ISPM19

Studies by X. Yao et al and S. Perinel et al suggest that HCQ can prevent the acidification of intracellular organelles, inhibit lysosomal release of viral genome and interfere with the glycosylation of the angiotensin-converting enzyme-2 (ACE2) receptor on the host cell, reducing the binding efficiency between the receptor and spike protein on the surface of the coronavirus and thereby reducing the chances of COVID-19 infection and replication. Therefore, on the molecular and cellular levels, HCQ has been shown to achieve antiviral activity against SARS-CoV-2, the strain of coronavirus that causes COVID-19. A study by Fan et al, a pharmacokinetics review team from the US Food and Drug Administration (FDA), emphasized the importance of translating in vitro antiviral activity to appropriate clinical dosing regimens and concluded that “antiviral effect against SARS-Cov-2 [is] not likely achievable with a safe oral dosing regimen” of HCQ due to dose confinement by potential cardiotoxicity. The FDA revoked emergency use authorization for HCQ, and recent clinical trials studying orally administered HCQ, such as SOLIDARITY and RECOVERY, which proposed the highest dosing regimen of 1600mg on day 1 and 800mg the next 9 days, were halted. Fan et al suggested that “a strategy to increase the drug exposure at the site of action (e.g., through targeted delivery) while minimizing the systemic exposure may be desirable.”

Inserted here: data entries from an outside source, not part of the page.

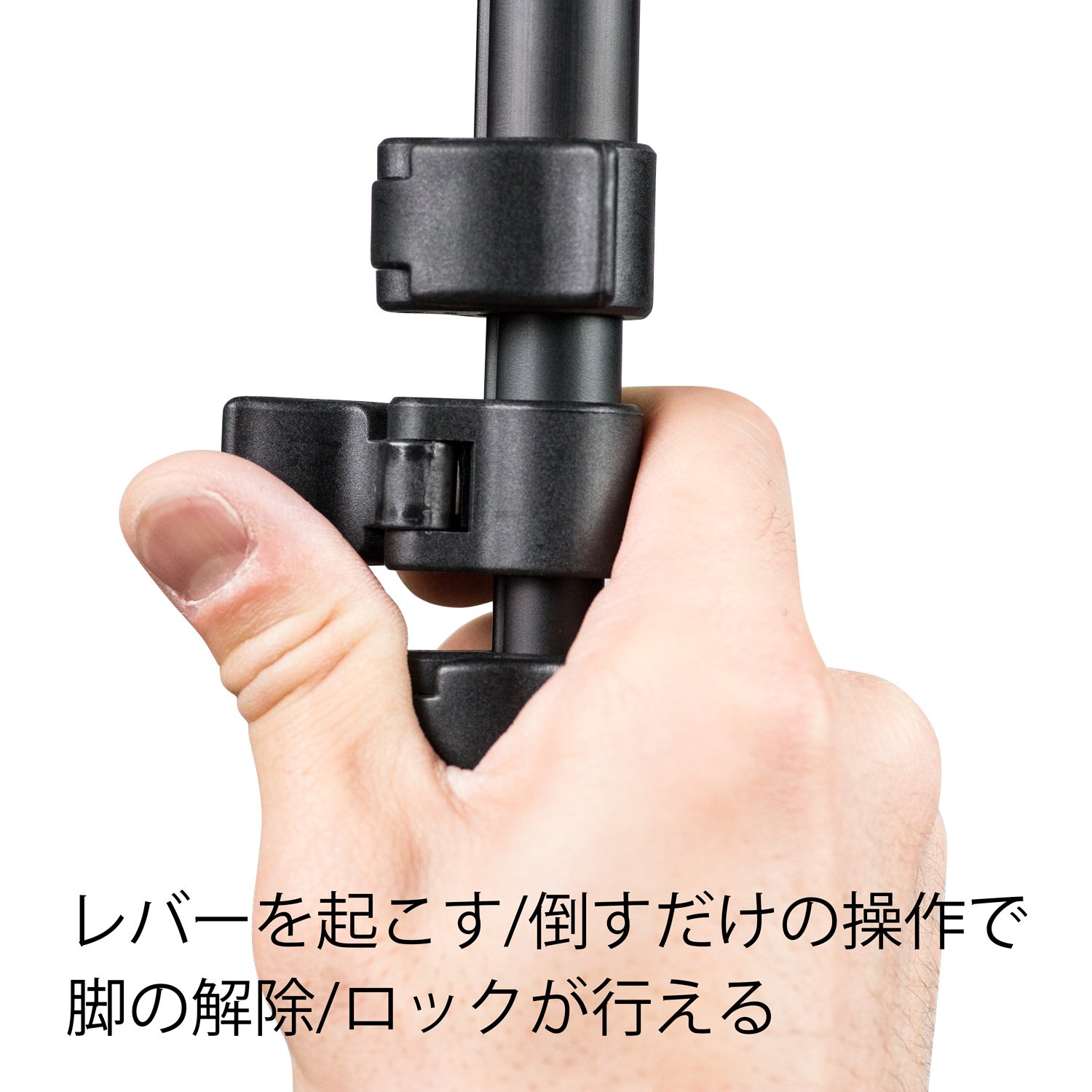 The lightweight body of 580 g and the total height of 1,150 mm are optimum size feel as a tripod as a second unit and a tripod for a compact camera.
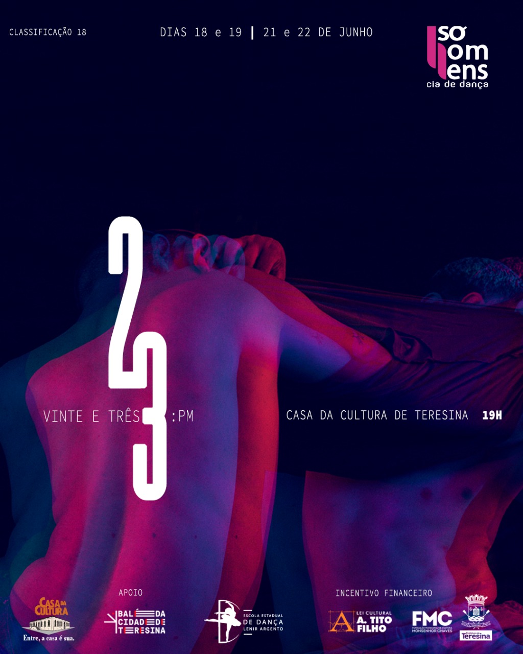 23:PM é uma criação de José Nascimento e Felipe Rodrigues. O espetáculo transita por situ(ações) reconhecíveis no corpo ao propor simples gestos que discutem os próprios desejos da “relação”… É um lugar de “quases” – quase meia noite, quase um fixar de imagens. É uma dança que acontece no entrelaçar dos corpos que especulam outros quases, e que propõe o fluxo das situações instaladas na dramaturgia da “relação” em cena. É atração que vira luta. É ato que revela – vontade, desejo, prazer. É movimento constante, o movimento que é a própria dança, a própria ”relação”. Se liga nisso que é importante: nessa dança, se olhar de baixo é sentido e se olhar de cima você é inserido.
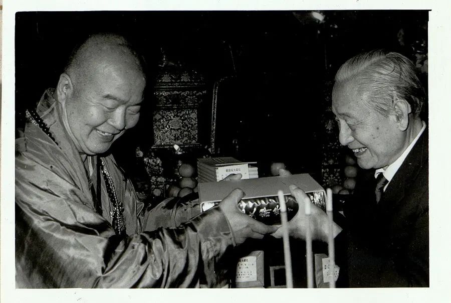 更值得一提的是,一九九四年四月二日朴老再次以八十七岁的高龄,专程在大师抵达南京的数天前,从北京搭乘十八小时的火车到上海,再换乘五个小时的火车赶到南京等候大师的到来,当两人互相行礼并紧紧握手的时候,星云大师深深地体会到了眼前这位老人的慈心和热忱。朴老非常重视这次的会面,他赠送给大师的礼品也别具意义,有金线织绣的“佛”字卷轴一幅,复印弘一大师亲笔书写的《药师如来功德本愿经》六册,中国佛协出版的《佛教嘉言书法集》一册和《中国佛教协会成立四十周年纪念文集》二册。其中,尤以他亲手书写的调《寄忆江南》一词,流露出对中国佛教的深切期许,使大师倍感弥足珍贵。
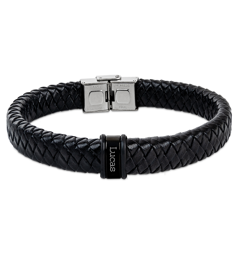 Boys bracelet with name Leather ´Rock My World´ | Black - Zwart
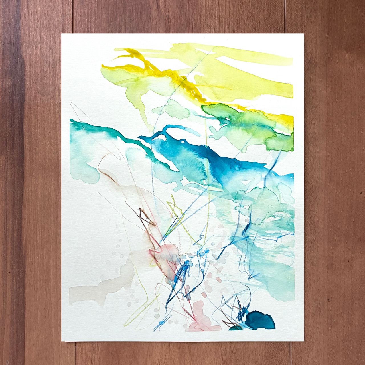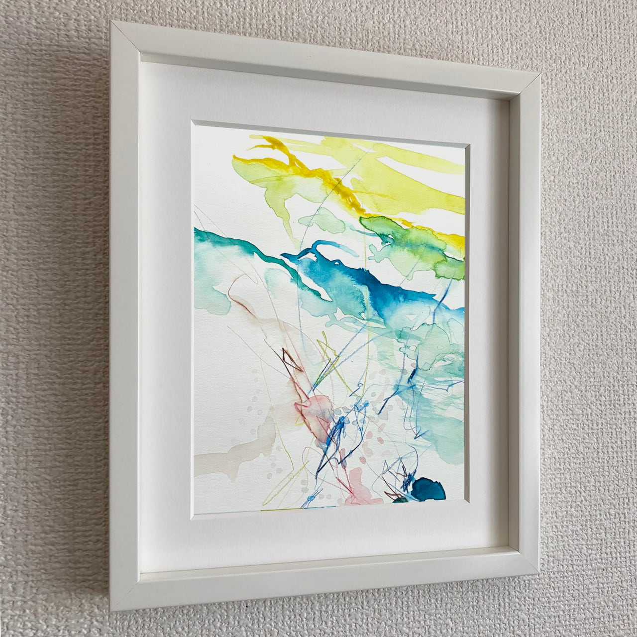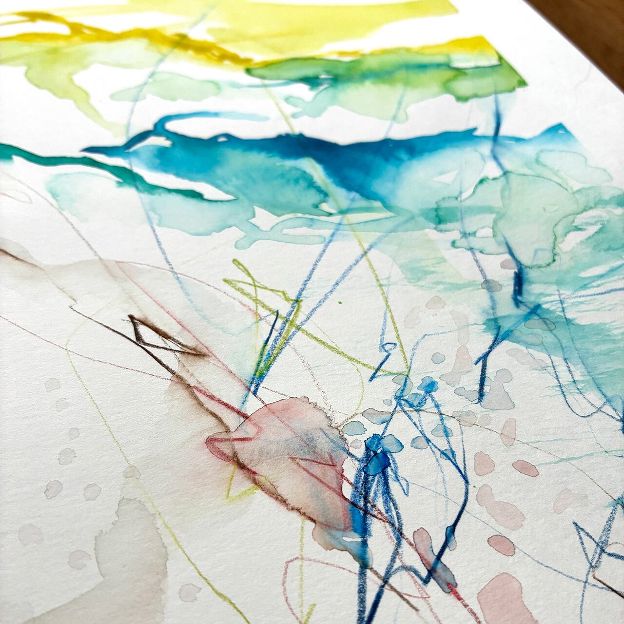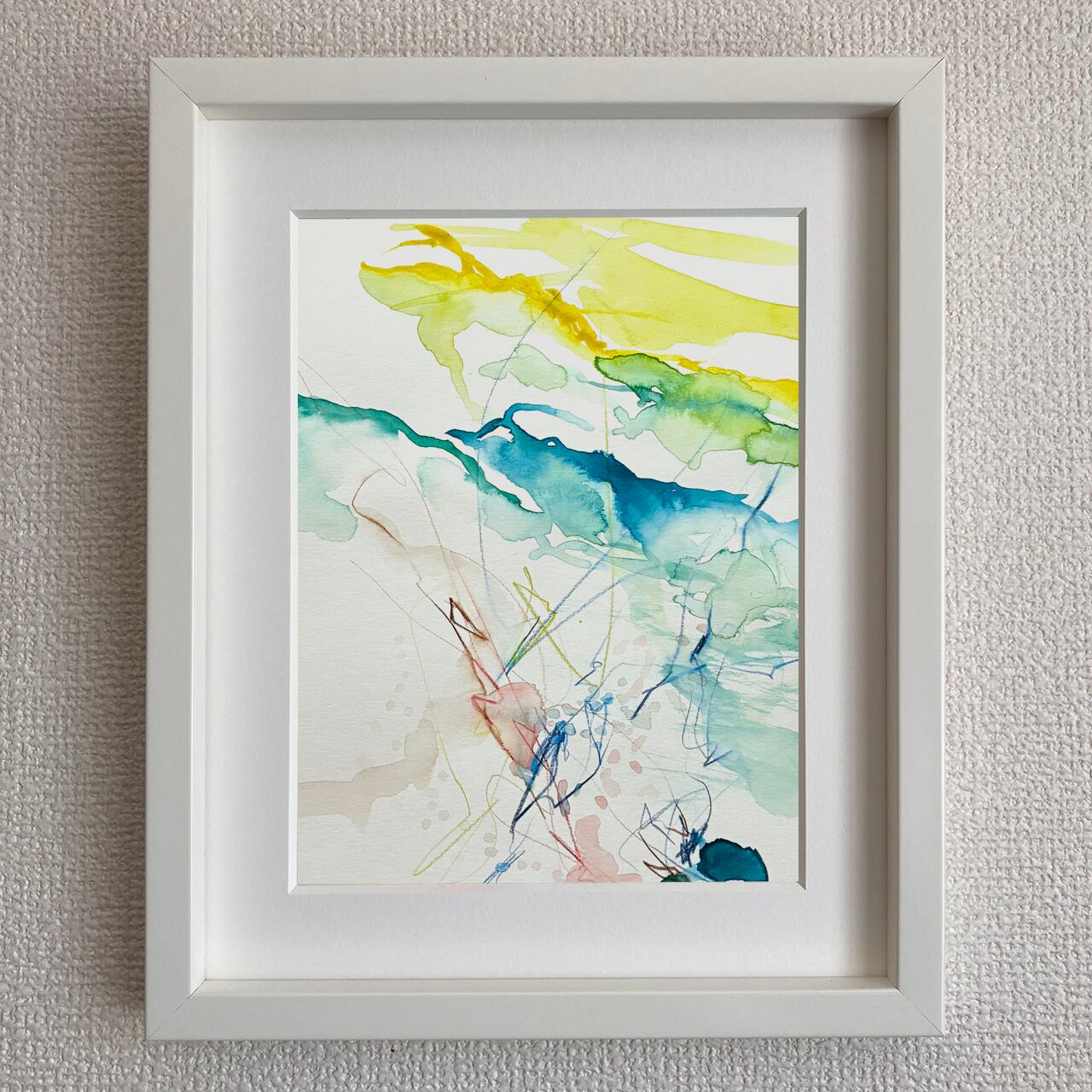水彩紙に、水彩と水彩色鉛筆で描かれた抽象画「ドローイング23」です。明るい色調とダイナミックなストロークが特徴です。用紙サイズは17cm×22cmです。

ISPM19 utilizes proprietary liposome technology to encapsulate ~1/100 of the oral HCQ dose into an inhalable formulation for direct deposit into the airways and lungs. A recent manuscript showed that, at equivalent doses, inhalable liposomal HCQ achieved increased exposure (~30-fold) and half-life (~2.5-fold) in the lungs than oral HCQ. Thus, ISPM19 can achieve antiviral effect with a miniscule dose compared to orally administered HCQ while lowering blood and heart exposure, giving ISPM19 the potential to treat COVID-19.